Assignment. Take the records below from their first line through the line holding "Gold Plated Multi", and set each of those lines down exactly, without pictures.

[Extracted data entries]
- - - -

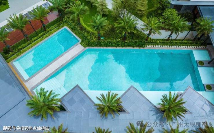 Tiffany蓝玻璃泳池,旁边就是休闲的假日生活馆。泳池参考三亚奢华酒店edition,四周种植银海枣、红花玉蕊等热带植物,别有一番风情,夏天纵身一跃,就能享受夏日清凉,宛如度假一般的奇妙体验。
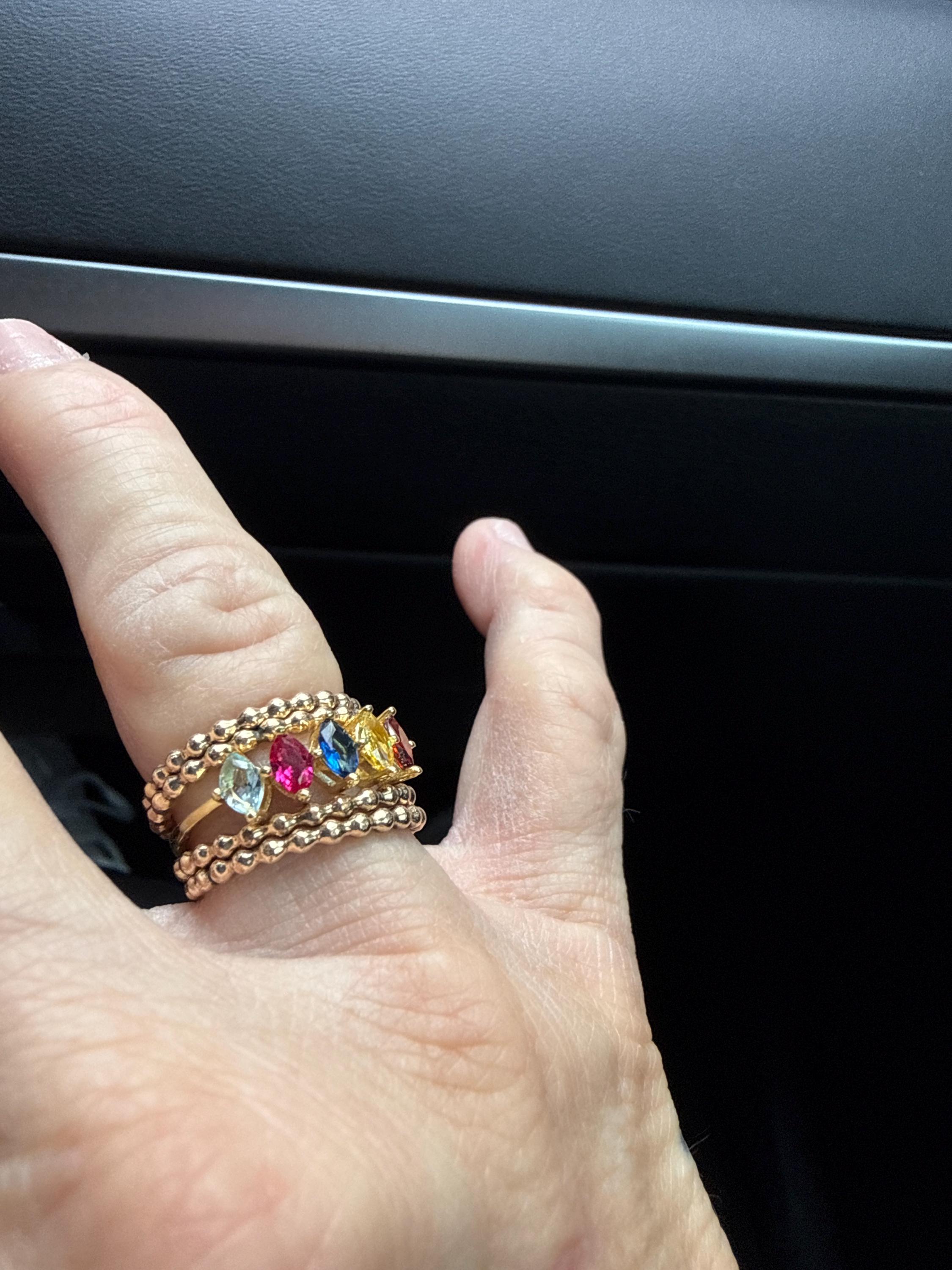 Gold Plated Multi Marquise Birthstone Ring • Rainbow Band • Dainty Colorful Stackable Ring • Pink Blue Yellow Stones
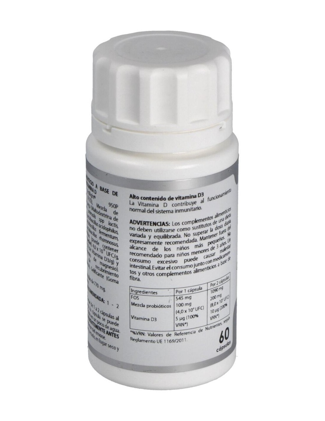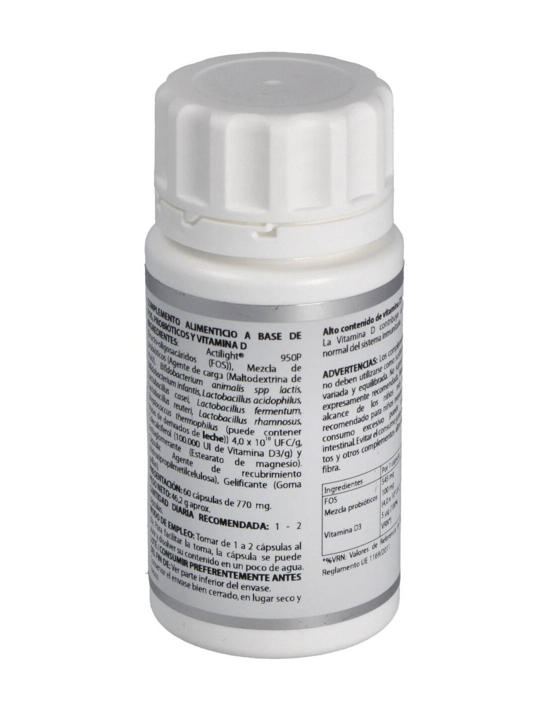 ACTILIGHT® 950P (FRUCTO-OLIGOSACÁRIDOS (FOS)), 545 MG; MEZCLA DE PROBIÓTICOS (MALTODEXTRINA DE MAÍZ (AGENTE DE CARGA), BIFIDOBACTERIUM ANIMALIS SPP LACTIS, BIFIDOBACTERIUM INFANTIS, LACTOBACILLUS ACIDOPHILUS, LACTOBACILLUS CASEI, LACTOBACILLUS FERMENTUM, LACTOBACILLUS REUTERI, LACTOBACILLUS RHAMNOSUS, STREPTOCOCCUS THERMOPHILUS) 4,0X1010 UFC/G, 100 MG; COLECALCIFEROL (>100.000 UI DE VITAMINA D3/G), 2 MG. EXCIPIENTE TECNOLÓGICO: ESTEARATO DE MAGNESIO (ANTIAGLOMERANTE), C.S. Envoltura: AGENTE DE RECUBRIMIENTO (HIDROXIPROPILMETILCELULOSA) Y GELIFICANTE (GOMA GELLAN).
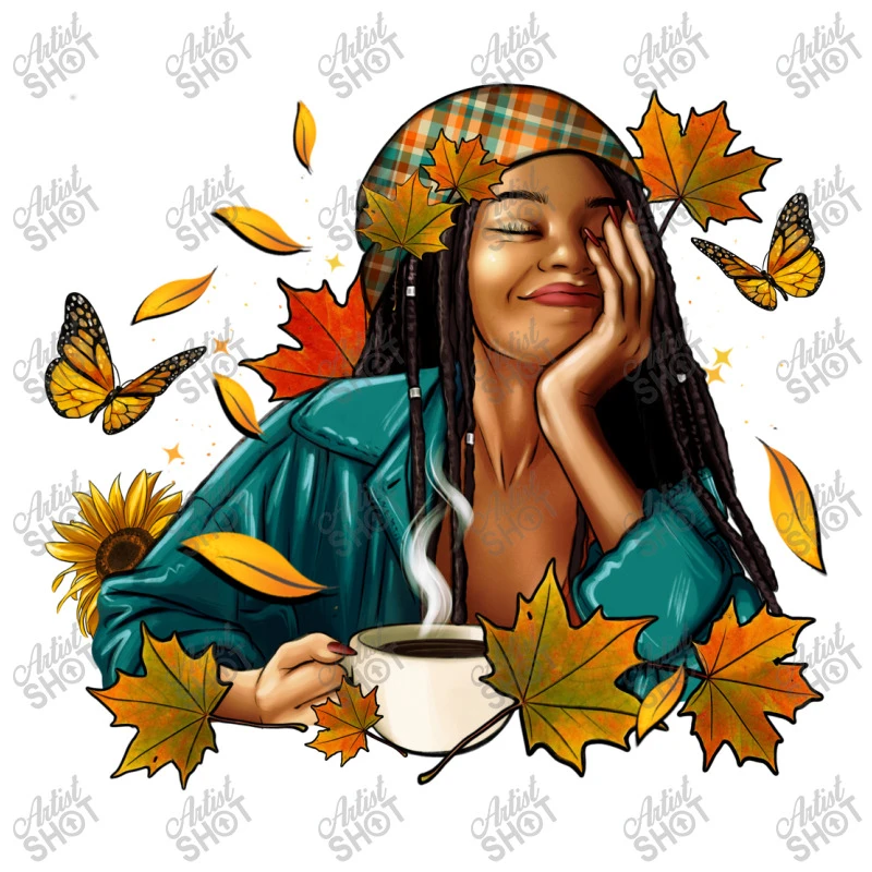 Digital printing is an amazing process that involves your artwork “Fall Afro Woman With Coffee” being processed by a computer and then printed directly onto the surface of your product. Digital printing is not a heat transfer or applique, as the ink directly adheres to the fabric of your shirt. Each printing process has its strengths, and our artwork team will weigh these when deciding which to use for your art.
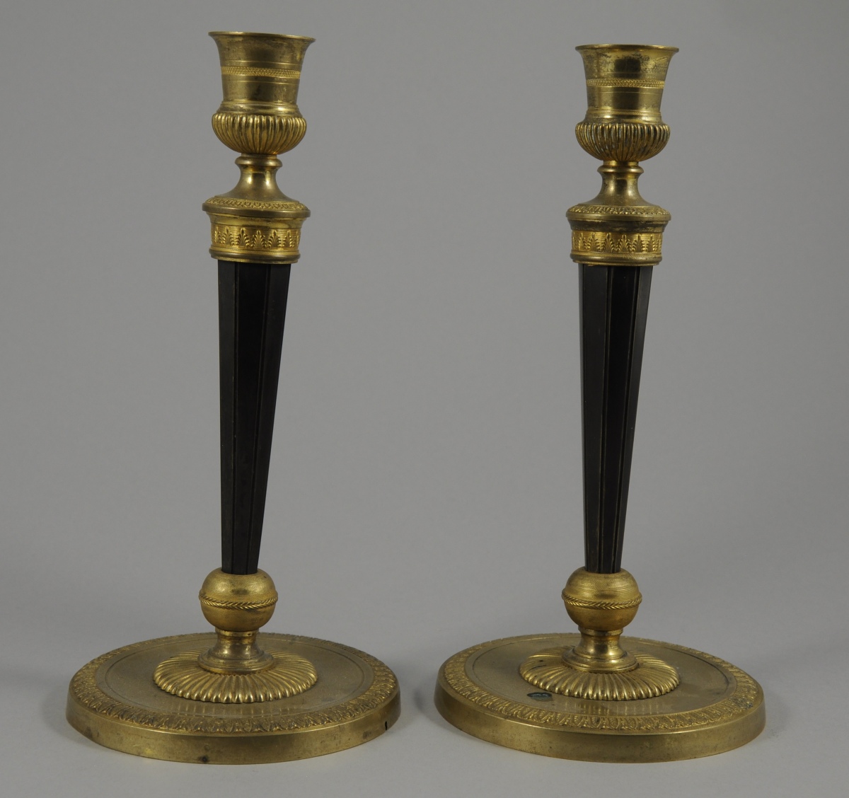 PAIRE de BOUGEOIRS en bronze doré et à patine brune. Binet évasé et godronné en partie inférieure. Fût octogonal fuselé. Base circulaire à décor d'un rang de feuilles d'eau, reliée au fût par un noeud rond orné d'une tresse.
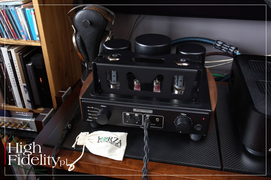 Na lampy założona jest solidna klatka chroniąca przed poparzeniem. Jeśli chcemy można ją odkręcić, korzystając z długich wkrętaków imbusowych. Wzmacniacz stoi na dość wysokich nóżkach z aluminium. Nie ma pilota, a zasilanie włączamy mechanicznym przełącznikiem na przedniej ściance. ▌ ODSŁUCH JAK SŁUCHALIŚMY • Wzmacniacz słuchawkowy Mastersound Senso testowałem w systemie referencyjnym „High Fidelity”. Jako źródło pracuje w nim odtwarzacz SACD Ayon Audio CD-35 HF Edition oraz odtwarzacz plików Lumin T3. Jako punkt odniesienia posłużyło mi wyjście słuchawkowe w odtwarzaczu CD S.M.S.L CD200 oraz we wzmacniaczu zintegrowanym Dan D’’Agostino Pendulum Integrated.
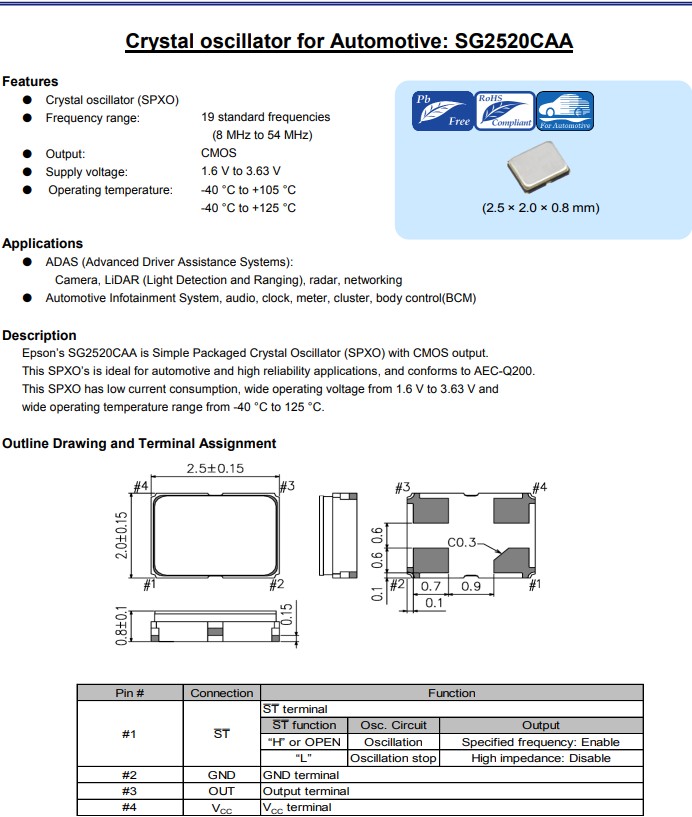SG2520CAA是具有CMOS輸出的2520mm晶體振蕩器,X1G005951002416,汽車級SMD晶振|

- - - -

Answer to this exercise.
 Tiffany蓝玻璃泳池,旁边就是休闲的假日生活馆。泳池参考三亚奢华酒店edition,四周种植银海枣、红花玉蕊等热带植物,别有一番风情,夏天纵身一跃,就能享受夏日清凉,宛如度假一般的奇妙体验。
 Gold Plated Multi Marquise Birthstone Ring • Rainbow Band • Dainty Colorful Stackable Ring • Pink Blue Yellow Stones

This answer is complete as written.